Question

PQ is a tangent from an external point P to a circle with centre O and OP cuts the circle at T and QOR is a dimeter . if angle POR is 130 and S is point on the circle , find angleQPO + angle RST

Answer 1

HERES THE SOLUTION OF YOUR QUESTION.

Answer 2

Answer:

The sum of ∠QPO + ∠RST is 105°

Step-by-step explanation:

Given PQ is a tangent from an external point P to a circle with center O and OP cuts the circle at T and QOR is a diameter.
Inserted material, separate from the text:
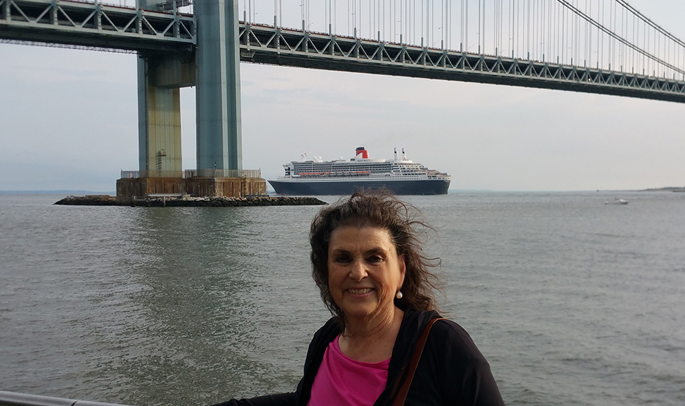 Late this afternoon I went to the promenade near my home to watch the ocean liners on their way to various destinations. While sitting on a bench I met the nicest couple - Kathy and Jim from Bay Ridge - my age - whose friends were on the Queen Mary 2 sailing off to England and beyond. We waved and took pics - sent texts - then sat and talked until the sun set. It's all water under the bridge.
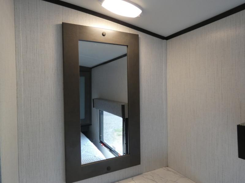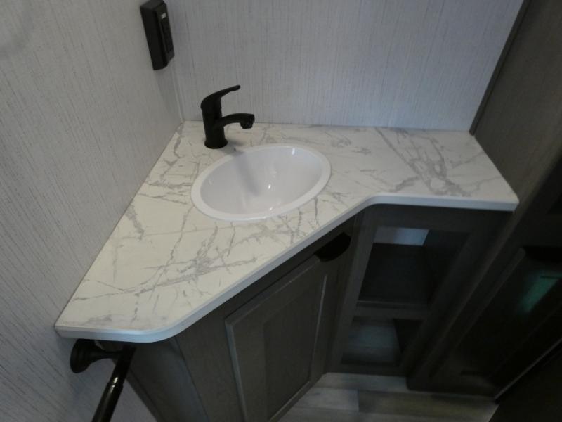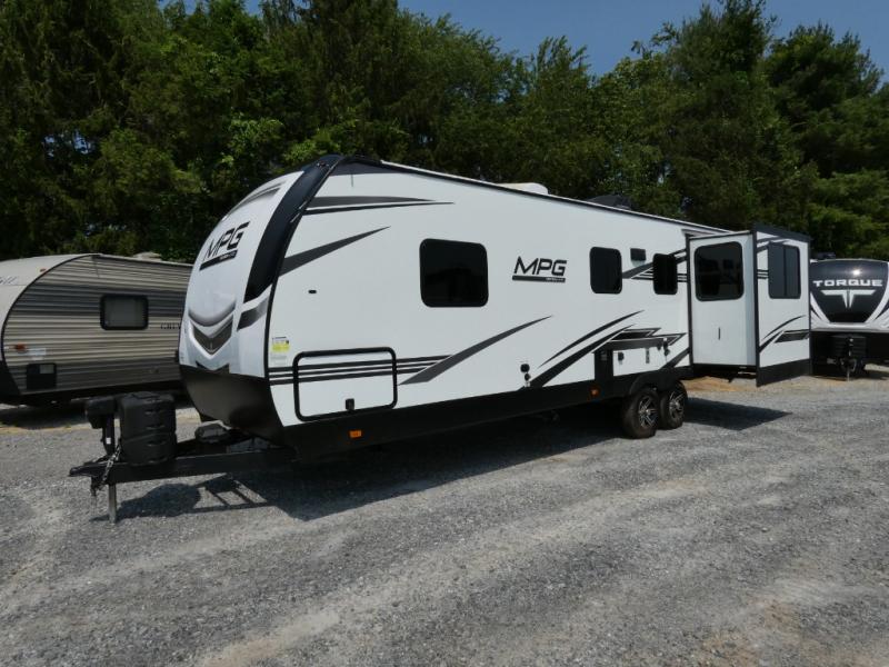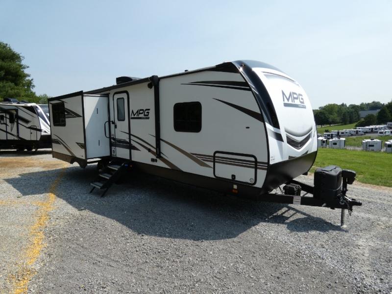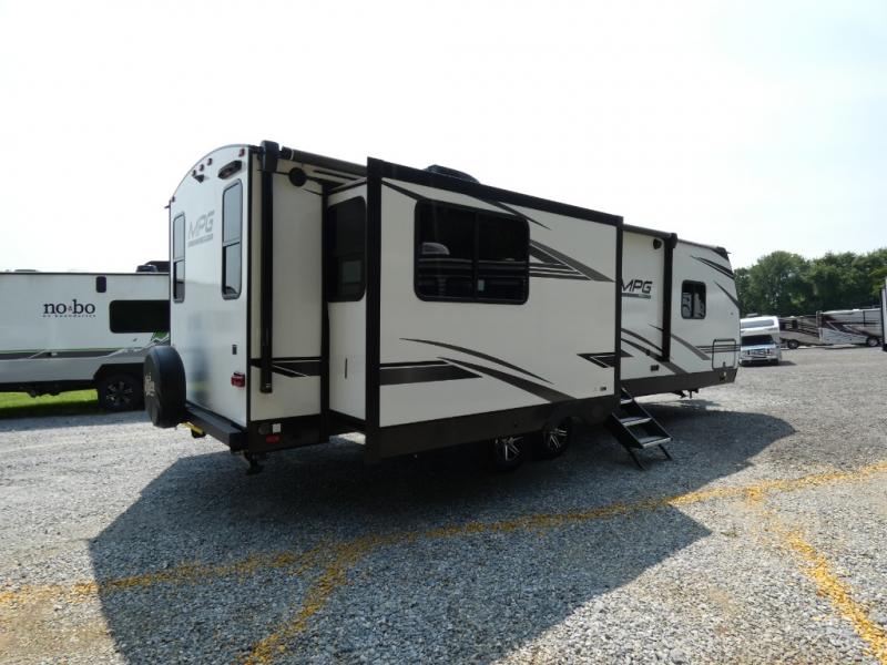 With any MPG travel trailer or toy hauler by Cruiser you will find a 6' 11" barrel roof, Azdel composite laminated walls, and a high gloss fiberglass front cap with LED lighting for a sleek look. There are seamless kitchen countertops and plywood flooring that will be easy to clean, plus residential hardwood cabinets with hidden hinges for a more at-home feel. The slam latch baggage doors with magnetic latches will make loading up easier than ever, plus the full belly storage system includes LED lights you are sure to appreciate. Each model also includes multiple charging stations with 12v and USB ports, a four speaker soundbar system to listen to your playlists, and a dual ducted A/C to keep you cool during those hot summer months!

If ∠POR is 130° and S is point on the circle. we have to find the sum of ∠QPO + ∠RST

In ΔPOQ, by exterior angle property of triangle

∠ROT=∠OQP+∠OPQ

 130° = 90°+ ∠OPQ    (∵ the point of contact of tangent and radius makes 90°)

∠OPQ=130°-90°=40°

By the theorem which states that angle subtended at the center is twice the angle at the circumference of circle.

$\angle ROT=2\angle RST$

⇒ $\angle RST=\frac{1}{2}\angle ROT=\frac{1}{2}\times 130^{\circ}=65^{\circ}$

Hence, ∠QPO + ∠RST=40°+65°=105°